The People's Panel

Past consultations - community drug and alcohol recovery service

The county's community drug and alcohol recovery service works to reduce the harm caused by drugs and alcohol by helping people reduce, or ideally, stop their alcohol or drug use. It provides a comprehensive range of support to assist people's recovery, from short periods of treatment for people with less severe problems, through to treatment where problems have become too difficult to deal with alone.

The community drug and alcohol recovery service forms part of a wider programme of activity to reduce drug and alcohol related harm to individuals and families, as well as to the wider community.

The contract for the service is due to end on 31 December 2016 and is held by Turning Point.

A 12-week public consultation ran between 15 December 2015 and 8 March 2016, seeking views on four key principles underpinning proposals for the future shape of the drug and alcohol service. The consultation also sought feedback on what makes it easy or difficult to access the service.

Of 226 people who answered, 97 per cent agreed that the service should proactively encourage more people with alcohol issues to seek help and support.

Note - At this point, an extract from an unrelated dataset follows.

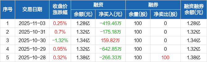 上海汽配:融资净偿还419.46万元,融资余额1.28亿元(11-03)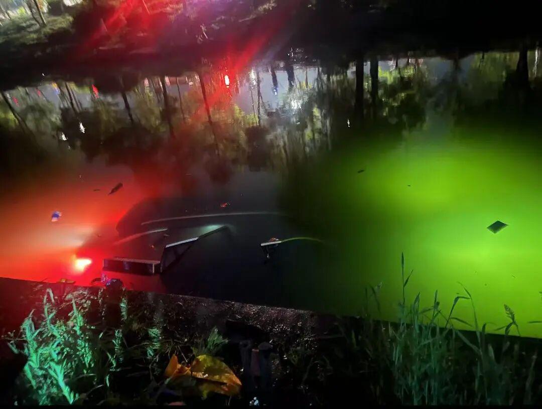 深夜的河道漆黑一片,河水不断涌入车内,救援刻不容缓。

Eighty-eight per cent agreed that the service should provide early interventions that divert low risk individuals from the need for formal treatment, while 82 per cent agreed that dedicated drug and alcohol workers should be located within children's social care teams.

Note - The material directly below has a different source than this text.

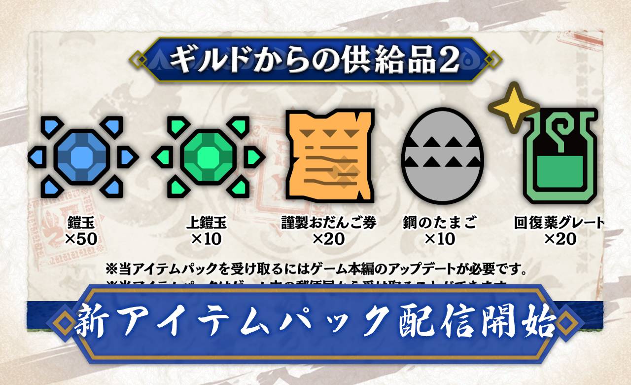 【モンハンライズ】新たなアイテムパック (ギルドからの供給品2)の配信開始【MH-RISE】

There were also 94 per cent of responders who agreed that the service should be more community-focused.

The new community drug and alcohol service to help vulnerable people across Gloucestershire was discussed by cabinet in April and cabinet agreed to go out to tender; the new contract will be in place by January 2017 and will run for the next five years.

The new service will seek to continue to ensure that people with alcohol and drug problems in the county have access to responsive and effective recovery services that reduce the harm caused by alcohol and drugs. The council wants to build on improvements to date such as better integration across health, social care and criminal justice; closer working with children's services; and a greater emphasis on achieving and sustaining recovery.

The new contract will not fundamentally change the service from 2017, but will continue to evolve and progress the existing good service provided.